Dataset section Block Start

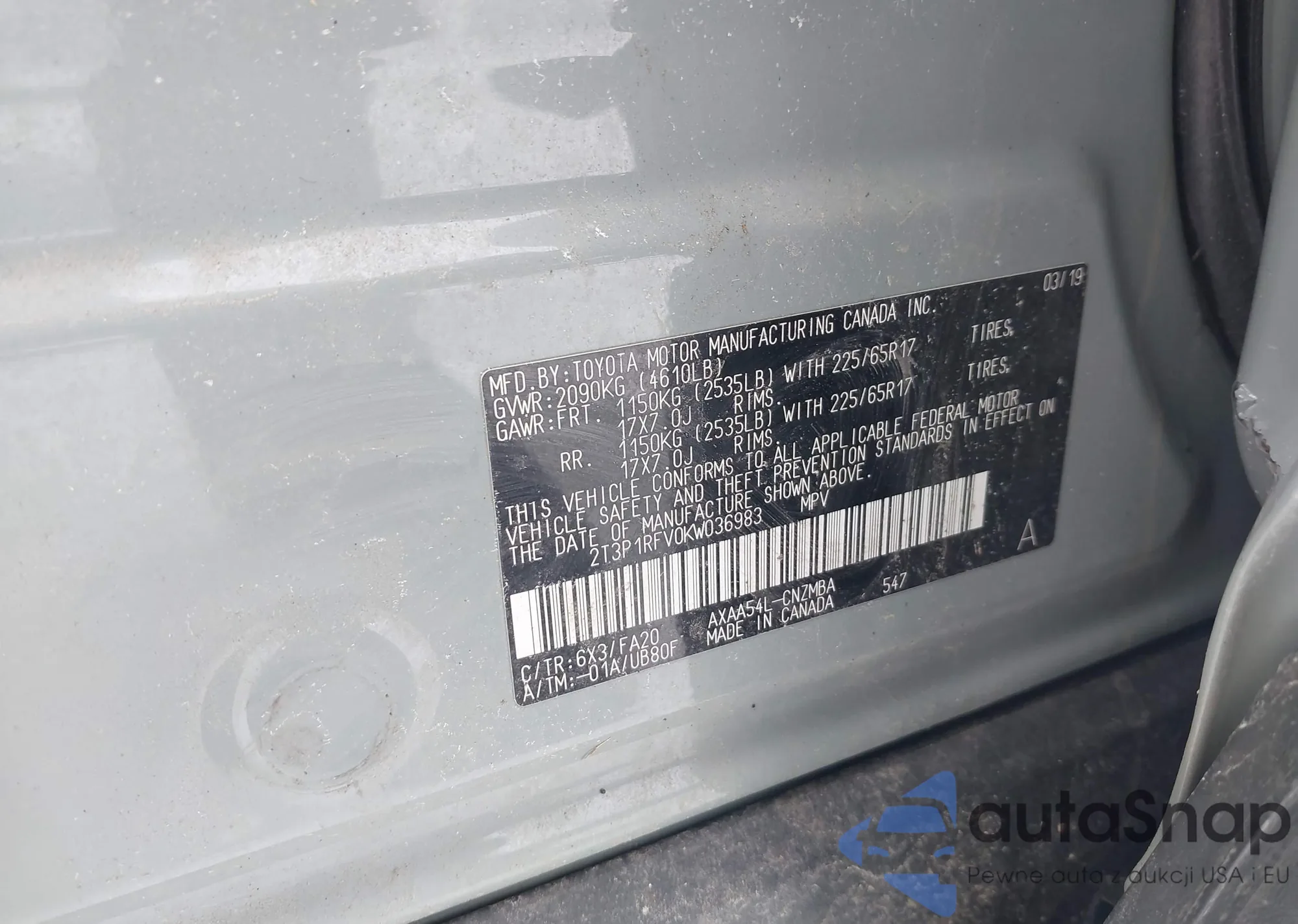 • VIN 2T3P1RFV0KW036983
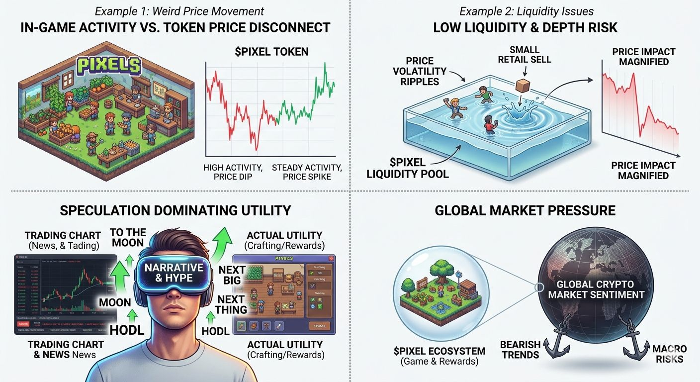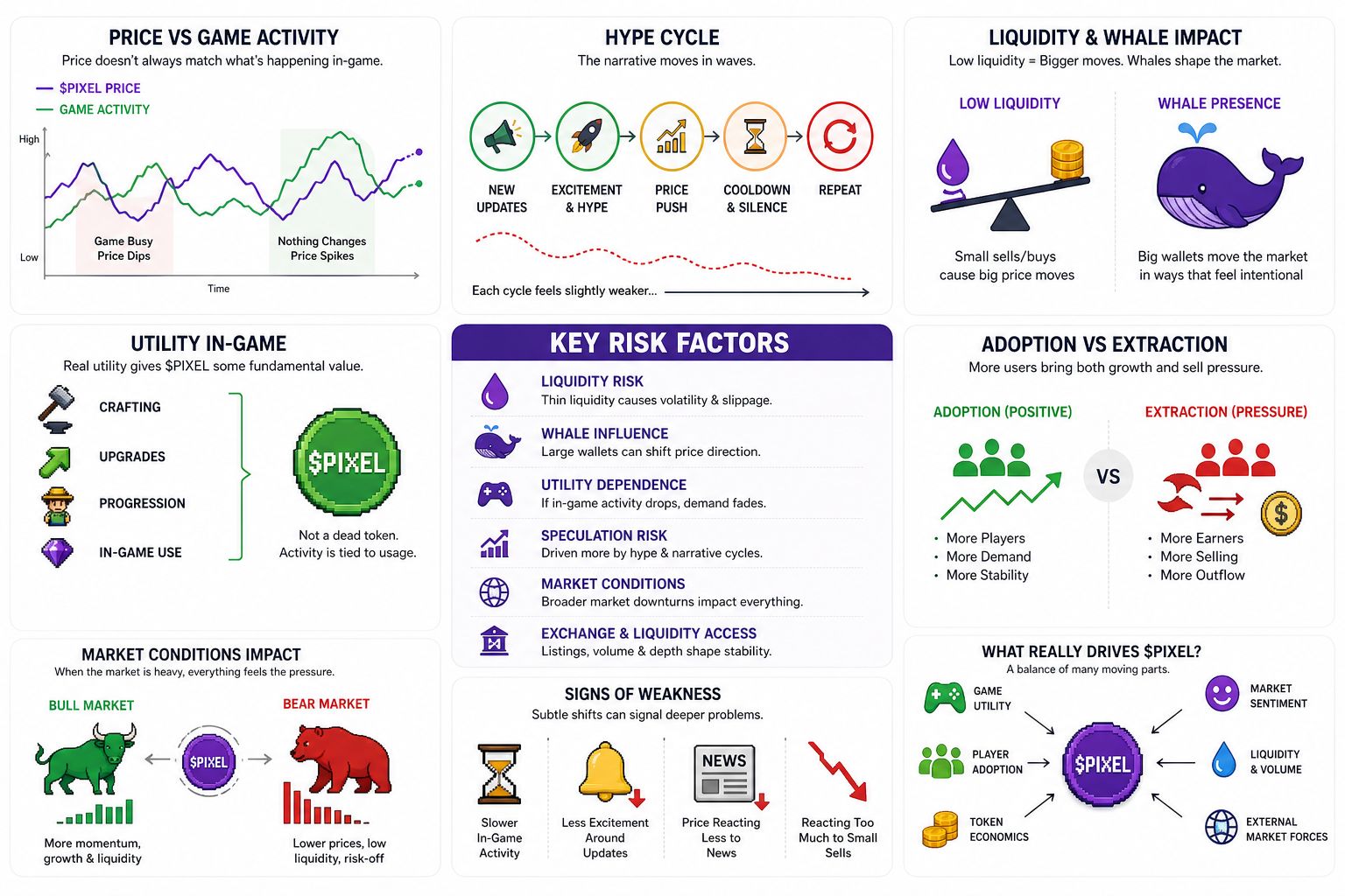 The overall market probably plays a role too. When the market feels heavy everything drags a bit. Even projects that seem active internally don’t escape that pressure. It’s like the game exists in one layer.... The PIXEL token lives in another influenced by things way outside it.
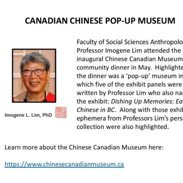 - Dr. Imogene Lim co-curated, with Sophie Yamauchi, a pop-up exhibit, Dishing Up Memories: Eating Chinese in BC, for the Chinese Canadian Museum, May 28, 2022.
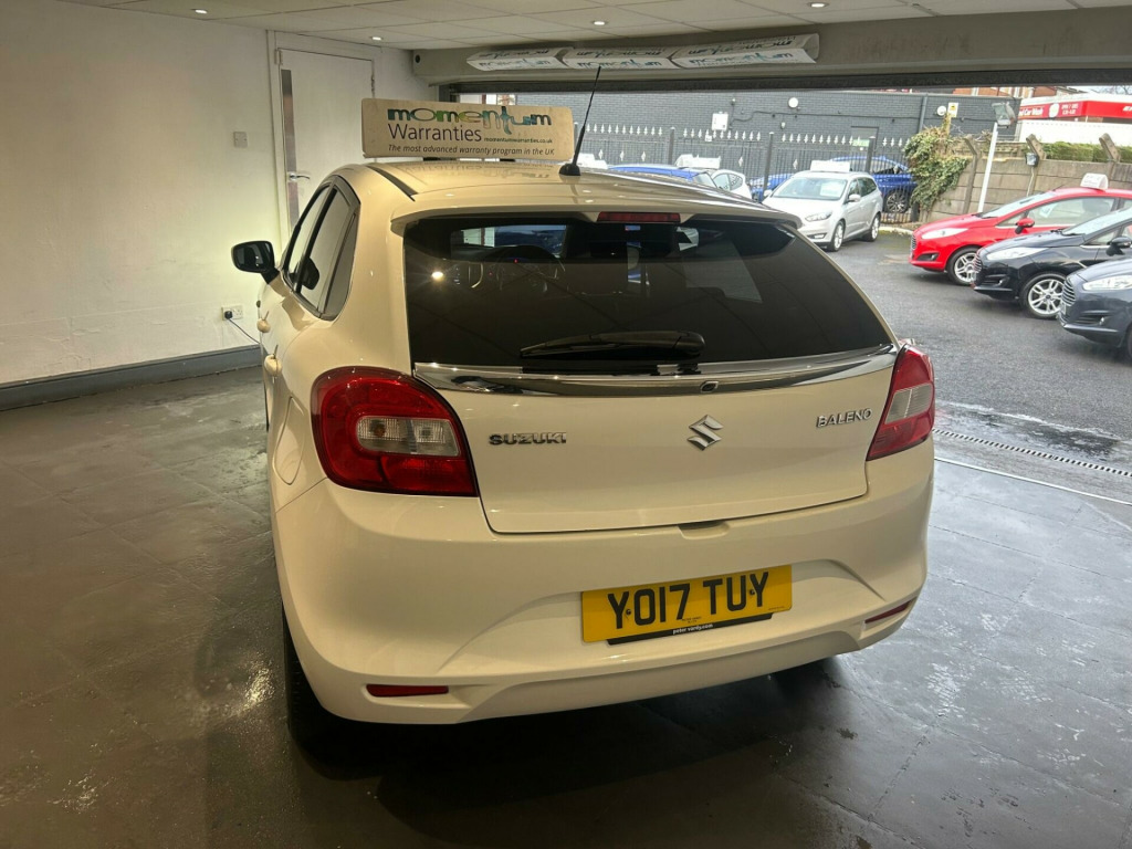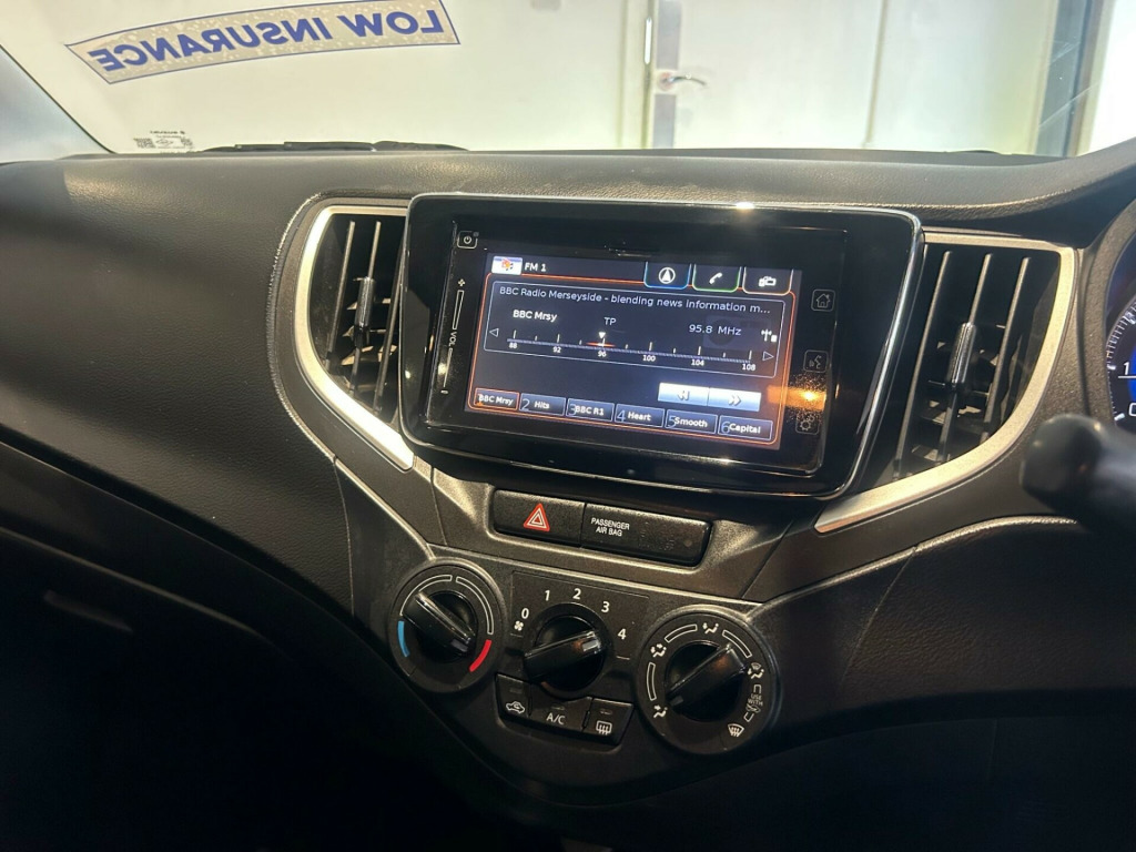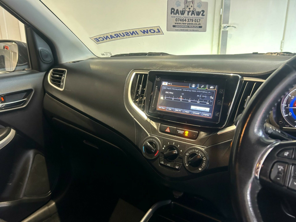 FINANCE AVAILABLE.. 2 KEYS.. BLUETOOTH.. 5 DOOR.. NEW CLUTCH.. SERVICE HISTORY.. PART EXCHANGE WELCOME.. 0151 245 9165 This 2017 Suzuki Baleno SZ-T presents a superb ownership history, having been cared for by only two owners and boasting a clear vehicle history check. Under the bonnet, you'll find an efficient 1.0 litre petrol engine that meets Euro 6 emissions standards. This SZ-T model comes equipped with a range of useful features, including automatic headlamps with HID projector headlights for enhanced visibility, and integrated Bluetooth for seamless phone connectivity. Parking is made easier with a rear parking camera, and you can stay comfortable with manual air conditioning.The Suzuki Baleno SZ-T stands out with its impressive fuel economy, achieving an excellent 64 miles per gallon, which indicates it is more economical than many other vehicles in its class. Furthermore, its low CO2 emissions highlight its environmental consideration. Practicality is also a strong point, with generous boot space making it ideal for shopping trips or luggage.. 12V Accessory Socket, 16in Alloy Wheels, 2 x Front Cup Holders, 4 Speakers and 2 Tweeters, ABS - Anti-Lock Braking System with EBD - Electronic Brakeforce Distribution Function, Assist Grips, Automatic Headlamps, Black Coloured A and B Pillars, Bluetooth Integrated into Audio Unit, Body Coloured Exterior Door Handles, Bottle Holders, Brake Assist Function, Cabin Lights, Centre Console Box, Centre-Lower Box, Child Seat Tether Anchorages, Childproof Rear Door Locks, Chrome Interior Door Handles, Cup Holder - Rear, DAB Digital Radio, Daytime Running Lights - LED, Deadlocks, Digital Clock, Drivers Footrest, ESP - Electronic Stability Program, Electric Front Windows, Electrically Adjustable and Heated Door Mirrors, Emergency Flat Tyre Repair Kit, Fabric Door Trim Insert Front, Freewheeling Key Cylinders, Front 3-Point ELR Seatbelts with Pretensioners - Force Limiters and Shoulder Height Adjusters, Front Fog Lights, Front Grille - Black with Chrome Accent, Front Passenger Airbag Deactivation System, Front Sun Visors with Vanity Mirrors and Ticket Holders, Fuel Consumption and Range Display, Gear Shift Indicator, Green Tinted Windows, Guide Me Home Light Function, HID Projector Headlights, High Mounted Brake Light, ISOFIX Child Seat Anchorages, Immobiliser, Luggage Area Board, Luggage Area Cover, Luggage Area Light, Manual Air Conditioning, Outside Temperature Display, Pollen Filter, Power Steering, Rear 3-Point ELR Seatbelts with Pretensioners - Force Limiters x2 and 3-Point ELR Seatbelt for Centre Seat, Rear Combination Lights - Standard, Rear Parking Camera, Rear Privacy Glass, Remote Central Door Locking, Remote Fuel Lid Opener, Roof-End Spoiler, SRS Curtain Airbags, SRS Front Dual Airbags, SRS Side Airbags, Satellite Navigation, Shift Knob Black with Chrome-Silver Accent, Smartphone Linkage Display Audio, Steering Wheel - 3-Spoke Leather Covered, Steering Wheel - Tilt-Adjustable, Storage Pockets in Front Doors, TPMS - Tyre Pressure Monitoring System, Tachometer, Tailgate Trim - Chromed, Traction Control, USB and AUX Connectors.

Dataset section Block End

*Directions:* Set aside the pictures. Then return every line of the material above verbatim.

*Task answer:*
 • VIN 2T3P1RFV0KW036983
 The overall market probably plays a role too. When the market feels heavy everything drags a bit. Even projects that seem active internally don’t escape that pressure. It’s like the game exists in one layer.... The PIXEL token lives in another influenced by things way outside it.
 - Dr. Imogene Lim co-curated, with Sophie Yamauchi, a pop-up exhibit, Dishing Up Memories: Eating Chinese in BC, for the Chinese Canadian Museum, May 28, 2022.
 FINANCE AVAILABLE.. 2 KEYS.. BLUETOOTH.. 5 DOOR.. NEW CLUTCH.. SERVICE HISTORY.. PART EXCHANGE WELCOME.. 0151 245 9165 This 2017 Suzuki Baleno SZ-T presents a superb ownership history, having been cared for by only two owners and boasting a clear vehicle history check. Under the bonnet, you'll find an efficient 1.0 litre petrol engine that meets Euro 6 emissions standards. This SZ-T model comes equipped with a range of useful features, including automatic headlamps with HID projector headlights for enhanced visibility, and integrated Bluetooth for seamless phone connectivity. Parking is made easier with a rear parking camera, and you can stay comfortable with manual air conditioning.The Suzuki Baleno SZ-T stands out with its impressive fuel economy, achieving an excellent 64 miles per gallon, which indicates it is more economical than many other vehicles in its class. Furthermore, its low CO2 emissions highlight its environmental consideration. Practicality is also a strong point, with generous boot space making it ideal for shopping trips or luggage.. 12V Accessory Socket, 16in Alloy Wheels, 2 x Front Cup Holders, 4 Speakers and 2 Tweeters, ABS - Anti-Lock Braking System with EBD - Electronic Brakeforce Distribution Function, Assist Grips, Automatic Headlamps, Black Coloured A and B Pillars, Bluetooth Integrated into Audio Unit, Body Coloured Exterior Door Handles, Bottle Holders, Brake Assist Function, Cabin Lights, Centre Console Box, Centre-Lower Box, Child Seat Tether Anchorages, Childproof Rear Door Locks, Chrome Interior Door Handles, Cup Holder - Rear, DAB Digital Radio, Daytime Running Lights - LED, Deadlocks, Digital Clock, Drivers Footrest, ESP - Electronic Stability Program, Electric Front Windows, Electrically Adjustable and Heated Door Mirrors, Emergency Flat Tyre Repair Kit, Fabric Door Trim Insert Front, Freewheeling Key Cylinders, Front 3-Point ELR Seatbelts with Pretensioners - Force Limiters and Shoulder Height Adjusters, Front Fog Lights, Front Grille - Black with Chrome Accent, Front Passenger Airbag Deactivation System, Front Sun Visors with Vanity Mirrors and Ticket Holders, Fuel Consumption and Range Display, Gear Shift Indicator, Green Tinted Windows, Guide Me Home Light Function, HID Projector Headlights, High Mounted Brake Light, ISOFIX Child Seat Anchorages, Immobiliser, Luggage Area Board, Luggage Area Cover, Luggage Area Light, Manual Air Conditioning, Outside Temperature Display, Pollen Filter, Power Steering, Rear 3-Point ELR Seatbelts with Pretensioners - Force Limiters x2 and 3-Point ELR Seatbelt for Centre Seat, Rear Combination Lights - Standard, Rear Parking Camera, Rear Privacy Glass, Remote Central Door Locking, Remote Fuel Lid Opener, Roof-End Spoiler, SRS Curtain Airbags, SRS Front Dual Airbags, SRS Side Airbags, Satellite Navigation, Shift Knob Black with Chrome-Silver Accent, Smartphone Linkage Display Audio, Steering Wheel - 3-Spoke Leather Covered, Steering Wheel - Tilt-Adjustable, Storage Pockets in Front Doors, TPMS - Tyre Pressure Monitoring System, Tachometer, Tailgate Trim - Chromed, Traction Control, USB and AUX Connectors.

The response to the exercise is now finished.